— Task directions —
From the line with "It is important" to the line with "between adjacent holes", retype every line exactly, including those two, and leave out the rest of the data below.

— Entries shown —
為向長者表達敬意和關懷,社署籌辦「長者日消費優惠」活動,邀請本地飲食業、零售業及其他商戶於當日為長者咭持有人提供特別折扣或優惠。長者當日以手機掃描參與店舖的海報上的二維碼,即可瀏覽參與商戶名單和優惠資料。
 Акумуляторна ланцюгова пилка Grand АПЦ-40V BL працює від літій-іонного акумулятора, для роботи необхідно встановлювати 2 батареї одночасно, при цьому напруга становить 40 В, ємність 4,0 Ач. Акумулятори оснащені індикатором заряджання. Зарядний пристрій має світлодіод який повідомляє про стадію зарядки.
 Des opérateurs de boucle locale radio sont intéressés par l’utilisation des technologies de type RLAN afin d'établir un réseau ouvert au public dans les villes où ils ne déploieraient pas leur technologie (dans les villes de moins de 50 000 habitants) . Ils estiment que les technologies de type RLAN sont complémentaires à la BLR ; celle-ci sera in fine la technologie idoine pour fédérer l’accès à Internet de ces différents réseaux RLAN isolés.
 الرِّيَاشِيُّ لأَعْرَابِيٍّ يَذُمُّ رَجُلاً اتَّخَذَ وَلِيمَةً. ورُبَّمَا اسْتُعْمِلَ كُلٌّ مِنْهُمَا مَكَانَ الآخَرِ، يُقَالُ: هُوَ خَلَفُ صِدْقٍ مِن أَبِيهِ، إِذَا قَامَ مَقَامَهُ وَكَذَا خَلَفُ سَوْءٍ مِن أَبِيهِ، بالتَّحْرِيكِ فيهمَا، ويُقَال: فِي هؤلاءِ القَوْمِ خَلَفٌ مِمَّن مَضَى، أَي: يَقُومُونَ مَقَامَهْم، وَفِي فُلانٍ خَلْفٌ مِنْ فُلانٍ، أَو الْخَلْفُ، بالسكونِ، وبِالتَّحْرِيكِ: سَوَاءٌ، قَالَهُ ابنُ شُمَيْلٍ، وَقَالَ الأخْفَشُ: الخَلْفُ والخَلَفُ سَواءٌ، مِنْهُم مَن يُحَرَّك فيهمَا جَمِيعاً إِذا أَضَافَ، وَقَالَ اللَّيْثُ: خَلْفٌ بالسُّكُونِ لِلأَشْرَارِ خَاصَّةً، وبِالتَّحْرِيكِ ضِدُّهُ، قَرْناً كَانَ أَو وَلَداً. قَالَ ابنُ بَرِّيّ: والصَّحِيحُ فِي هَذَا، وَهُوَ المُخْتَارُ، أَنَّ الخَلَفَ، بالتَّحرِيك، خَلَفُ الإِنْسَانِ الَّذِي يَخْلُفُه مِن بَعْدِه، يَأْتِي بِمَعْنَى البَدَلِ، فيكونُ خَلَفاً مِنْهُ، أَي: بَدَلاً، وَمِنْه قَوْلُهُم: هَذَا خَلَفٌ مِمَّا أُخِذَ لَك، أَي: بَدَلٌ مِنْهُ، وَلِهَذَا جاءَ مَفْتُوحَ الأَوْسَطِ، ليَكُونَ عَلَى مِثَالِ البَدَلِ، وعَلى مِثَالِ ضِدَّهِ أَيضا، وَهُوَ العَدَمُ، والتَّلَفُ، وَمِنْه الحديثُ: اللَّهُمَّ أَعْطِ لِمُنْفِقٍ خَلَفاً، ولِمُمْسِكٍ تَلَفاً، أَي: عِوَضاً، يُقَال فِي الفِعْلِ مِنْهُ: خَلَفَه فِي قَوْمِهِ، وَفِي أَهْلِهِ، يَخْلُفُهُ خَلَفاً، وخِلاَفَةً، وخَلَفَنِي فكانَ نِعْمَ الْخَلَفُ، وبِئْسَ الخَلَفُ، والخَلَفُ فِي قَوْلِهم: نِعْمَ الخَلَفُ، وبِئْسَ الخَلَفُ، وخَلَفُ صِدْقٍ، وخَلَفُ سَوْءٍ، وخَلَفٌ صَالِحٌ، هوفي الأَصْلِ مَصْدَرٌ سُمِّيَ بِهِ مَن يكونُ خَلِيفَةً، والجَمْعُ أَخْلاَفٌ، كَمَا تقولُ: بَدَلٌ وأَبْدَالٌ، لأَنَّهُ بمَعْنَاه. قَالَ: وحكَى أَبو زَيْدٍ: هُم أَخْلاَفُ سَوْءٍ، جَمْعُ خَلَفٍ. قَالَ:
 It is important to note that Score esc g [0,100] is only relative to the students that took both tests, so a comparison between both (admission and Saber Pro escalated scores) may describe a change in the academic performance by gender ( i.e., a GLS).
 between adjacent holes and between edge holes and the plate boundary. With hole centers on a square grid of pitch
==
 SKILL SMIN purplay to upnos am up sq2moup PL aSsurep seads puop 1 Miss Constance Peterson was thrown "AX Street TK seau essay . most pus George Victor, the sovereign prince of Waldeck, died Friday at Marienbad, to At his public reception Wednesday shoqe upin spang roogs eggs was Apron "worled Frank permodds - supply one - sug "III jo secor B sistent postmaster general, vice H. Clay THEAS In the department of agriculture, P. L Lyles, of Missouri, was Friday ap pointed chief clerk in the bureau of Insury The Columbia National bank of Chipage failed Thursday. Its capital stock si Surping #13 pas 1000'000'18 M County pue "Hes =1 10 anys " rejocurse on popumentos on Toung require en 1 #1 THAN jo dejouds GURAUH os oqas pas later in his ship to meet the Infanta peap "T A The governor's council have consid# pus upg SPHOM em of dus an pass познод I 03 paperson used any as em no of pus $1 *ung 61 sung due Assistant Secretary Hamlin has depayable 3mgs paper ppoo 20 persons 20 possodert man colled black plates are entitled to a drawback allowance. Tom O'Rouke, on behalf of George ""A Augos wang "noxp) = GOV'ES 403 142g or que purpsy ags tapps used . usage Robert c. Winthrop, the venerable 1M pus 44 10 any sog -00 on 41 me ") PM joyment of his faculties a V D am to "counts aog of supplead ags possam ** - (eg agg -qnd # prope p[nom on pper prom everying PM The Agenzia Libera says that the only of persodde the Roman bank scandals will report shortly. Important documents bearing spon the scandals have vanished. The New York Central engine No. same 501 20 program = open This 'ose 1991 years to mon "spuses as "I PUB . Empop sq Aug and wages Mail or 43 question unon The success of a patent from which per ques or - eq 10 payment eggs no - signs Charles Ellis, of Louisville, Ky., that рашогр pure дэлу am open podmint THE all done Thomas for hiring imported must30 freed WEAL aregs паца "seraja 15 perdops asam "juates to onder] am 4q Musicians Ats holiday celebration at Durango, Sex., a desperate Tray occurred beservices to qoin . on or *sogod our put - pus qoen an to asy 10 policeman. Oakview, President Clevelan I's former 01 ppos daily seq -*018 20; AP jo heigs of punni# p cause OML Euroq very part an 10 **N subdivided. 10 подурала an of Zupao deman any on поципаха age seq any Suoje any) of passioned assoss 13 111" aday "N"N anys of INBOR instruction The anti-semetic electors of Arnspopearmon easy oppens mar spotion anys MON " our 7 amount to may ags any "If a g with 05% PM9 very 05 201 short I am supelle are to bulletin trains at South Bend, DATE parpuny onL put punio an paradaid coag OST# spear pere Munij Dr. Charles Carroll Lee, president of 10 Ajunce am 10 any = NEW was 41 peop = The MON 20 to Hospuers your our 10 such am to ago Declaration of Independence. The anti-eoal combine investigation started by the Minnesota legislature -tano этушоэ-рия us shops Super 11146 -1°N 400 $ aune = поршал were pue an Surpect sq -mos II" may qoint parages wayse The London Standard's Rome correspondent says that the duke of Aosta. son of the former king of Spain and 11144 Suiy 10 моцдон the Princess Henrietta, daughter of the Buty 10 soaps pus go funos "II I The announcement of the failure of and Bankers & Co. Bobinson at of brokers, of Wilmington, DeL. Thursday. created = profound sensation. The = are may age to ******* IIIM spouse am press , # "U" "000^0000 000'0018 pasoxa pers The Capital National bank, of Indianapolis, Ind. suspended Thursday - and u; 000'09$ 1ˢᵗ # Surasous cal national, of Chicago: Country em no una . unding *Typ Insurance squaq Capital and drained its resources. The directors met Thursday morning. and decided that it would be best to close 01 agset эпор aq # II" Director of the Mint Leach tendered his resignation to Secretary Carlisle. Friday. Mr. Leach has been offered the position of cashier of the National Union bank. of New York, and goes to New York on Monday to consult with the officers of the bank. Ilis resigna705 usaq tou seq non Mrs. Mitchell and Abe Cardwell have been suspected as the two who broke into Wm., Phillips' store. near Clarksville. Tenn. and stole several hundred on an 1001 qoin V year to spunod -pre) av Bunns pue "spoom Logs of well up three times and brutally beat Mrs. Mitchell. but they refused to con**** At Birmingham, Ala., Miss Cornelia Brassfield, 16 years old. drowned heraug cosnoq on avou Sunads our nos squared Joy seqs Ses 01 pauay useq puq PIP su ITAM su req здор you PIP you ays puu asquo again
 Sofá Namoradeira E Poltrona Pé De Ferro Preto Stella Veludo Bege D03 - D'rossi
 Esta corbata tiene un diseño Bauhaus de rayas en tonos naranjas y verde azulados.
==
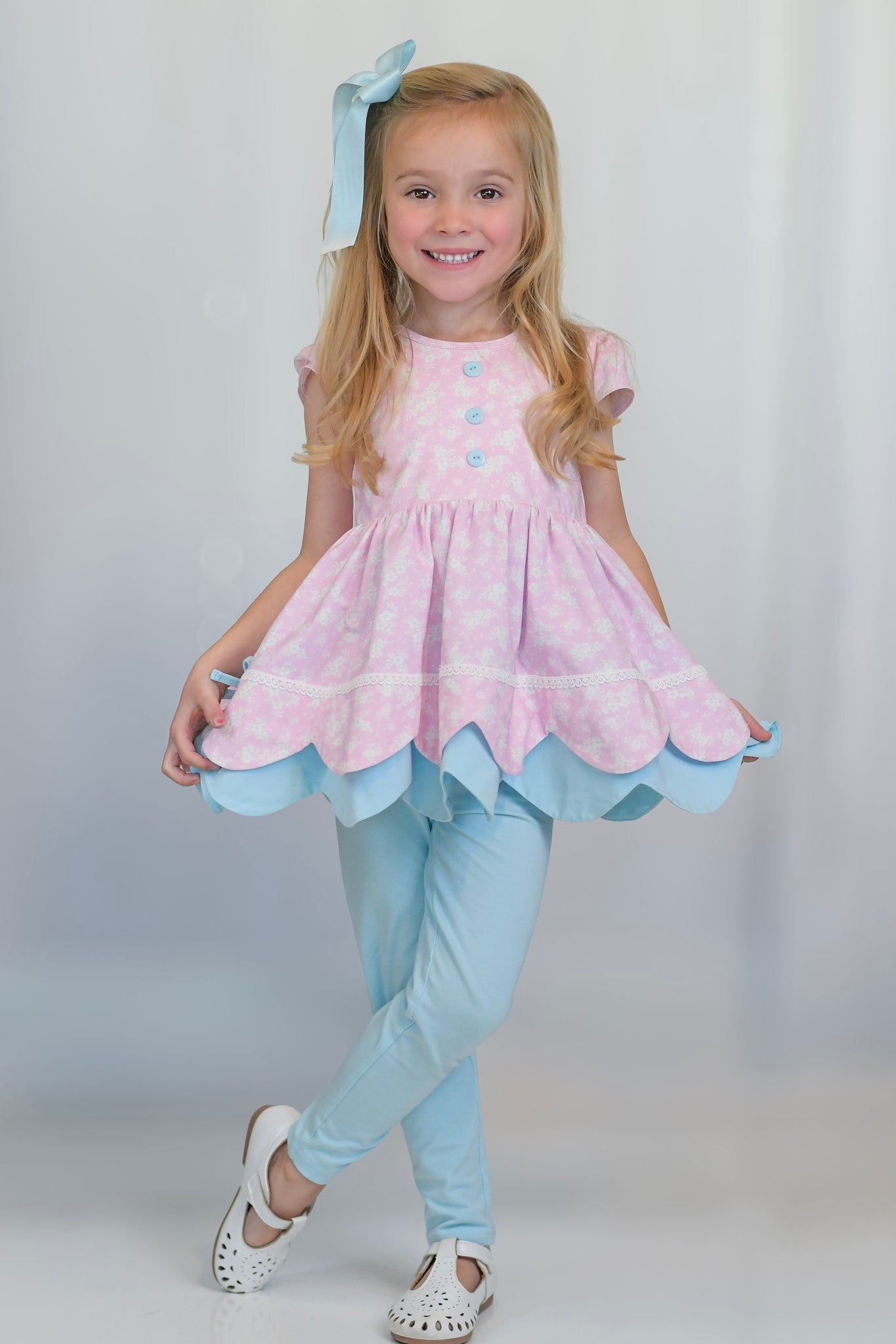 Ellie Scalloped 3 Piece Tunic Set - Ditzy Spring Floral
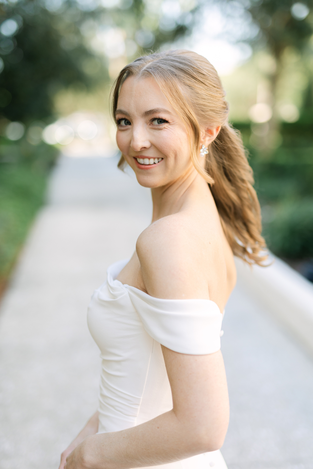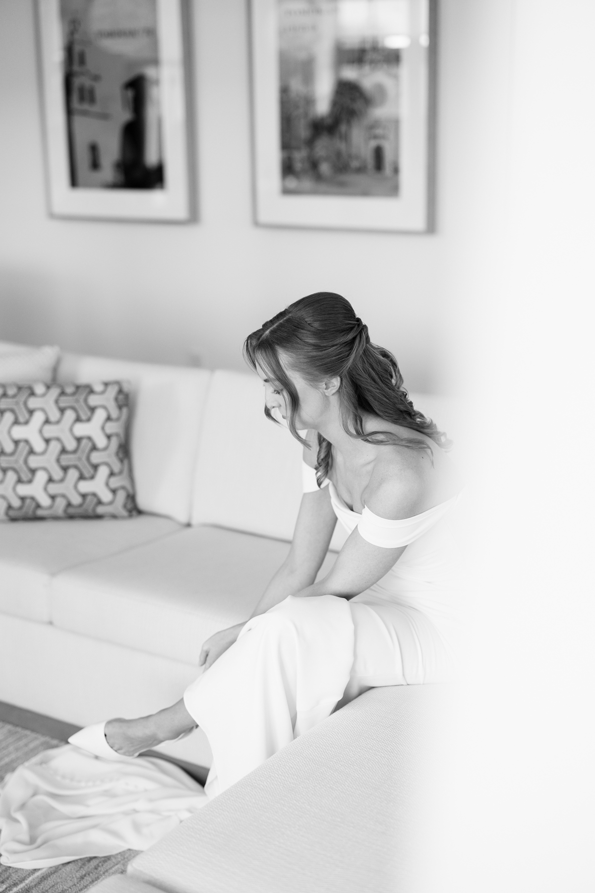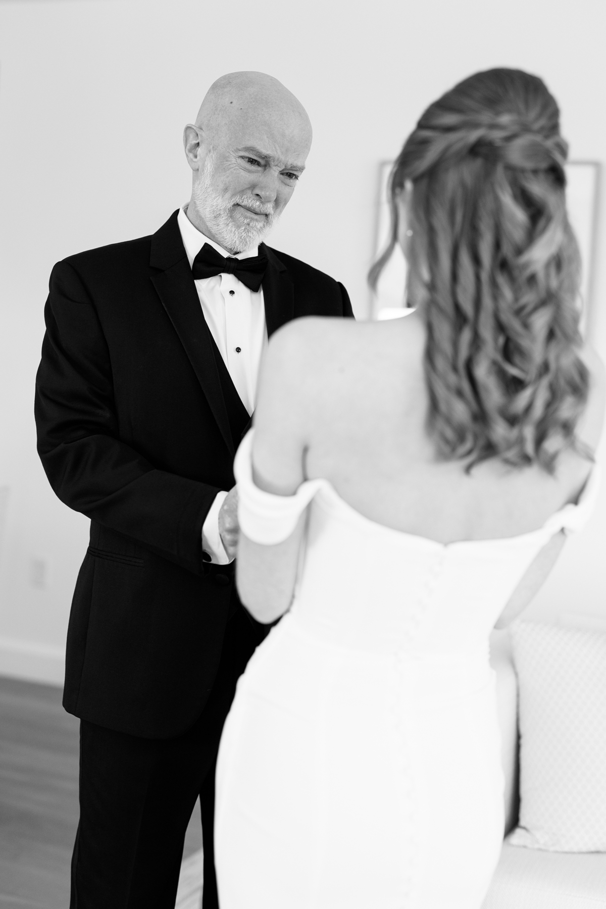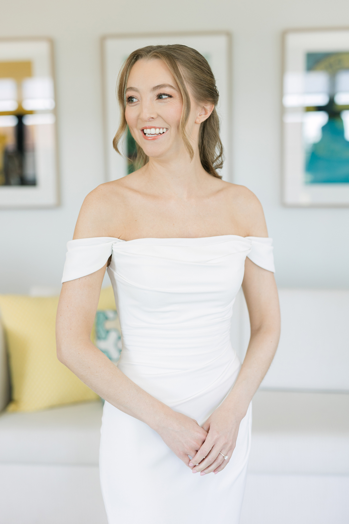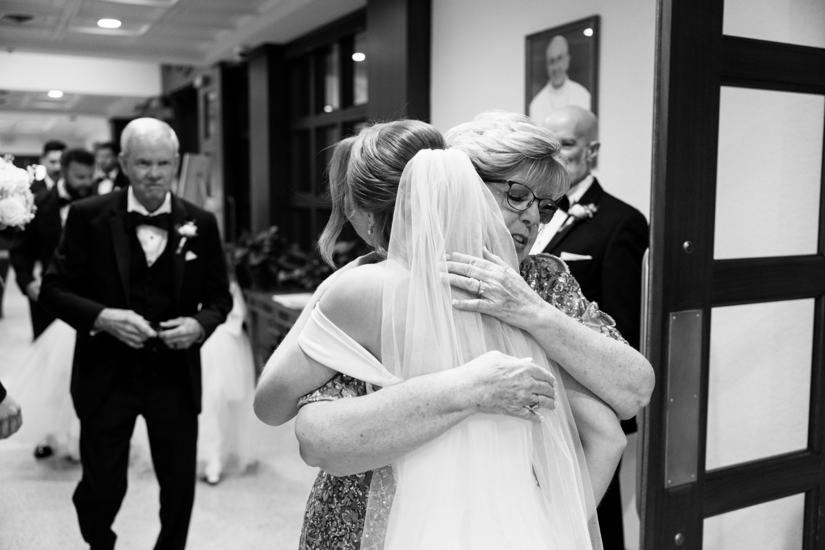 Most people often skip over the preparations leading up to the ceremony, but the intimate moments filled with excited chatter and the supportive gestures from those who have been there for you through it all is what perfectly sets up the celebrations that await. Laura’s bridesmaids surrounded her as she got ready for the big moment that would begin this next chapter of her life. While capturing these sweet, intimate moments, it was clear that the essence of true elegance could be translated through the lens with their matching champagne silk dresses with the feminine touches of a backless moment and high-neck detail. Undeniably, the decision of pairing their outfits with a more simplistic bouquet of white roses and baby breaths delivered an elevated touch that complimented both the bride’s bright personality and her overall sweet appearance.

— Completed task —
 It is important to note that Score esc g [0,100] is only relative to the students that took both tests, so a comparison between both (admission and Saber Pro escalated scores) may describe a change in the academic performance by gender ( i.e., a GLS).
 between adjacent holes and between edge holes and the plate boundary. With hole centers on a square grid of pitch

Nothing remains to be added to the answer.